Syagrus macrocarpa is a rare species of palm found only as scattered isolated individuals and small groups in the east of the Brazilian states of Espírito Santo, Minas Gerais and Rio de Janeiro. It grows to 4-10m tall, with 8-20 leaves to 2m long. The leaves are bent at the end, with very hairy margins near the trunk, and consist of 180-320 slightly coiled leaflets irregularly arranged in several planes on the rake. The fruit are oval, greenish-yellow, 6–9 cm long. It is grown in cultivation. Seeds are difficult to germinate, with low rates of germination.

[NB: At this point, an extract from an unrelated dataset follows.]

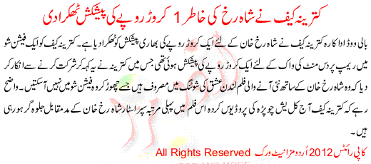 Katrina Kaif Na Shahrikh Khan K Liay 1 Crore Ki Offer Thukra Di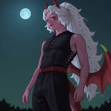 crk, pitayadragoncookie, dragon boy, pink skin, light skin, light pink skin, white hair, black seeds in hair, long hair, black sclera, white slit pupils, white eyelashes, white eyebrows, facepaint, dark pink facepaint, red horns, gradient horns, green gradient on horns, scales, scales on skin, dragon wings, wings, red wings, gradient wings, green gradient on wings, tail, spiky tail, red tail, gradient tail, green gradient on tail, dragon claws, claws, dragon feet, talons, green tongue, sharp teeth, pointy teeth,

Common names for it in Minas Gerais are baba-de-boi-grande and maria-rosa.

== Taxonomy ==
Unlike most other species of Syagrus, this species started in 1879 as a Syagrus, as João Barbosa Rodrigues classified it along with Karl von Martius' S. cocoides. Three years later Rodrigues synonymised the genus Syagrus with Cocos (it was resurrected in 1916 by Beccari).

== Description ==
It is quite similar to Syagrus romanzoffiana, but differs by being smaller, with smaller leaves and inflorescence, but with much larger fruit and female flowers. Unlike the spiral placement of the racemes (branches) of the inflorescence in S. romanzoffiana, S. macrocarpa has its racemes unilaterally arranged. S. cocoides also is similar but has smaller fruit and spirally placed racemes in the inflorescence.

Noblick, writing for the IUCN in 1998, mentions his concern that the scattered nature of the population might harm the species in the long term due to inbreeding.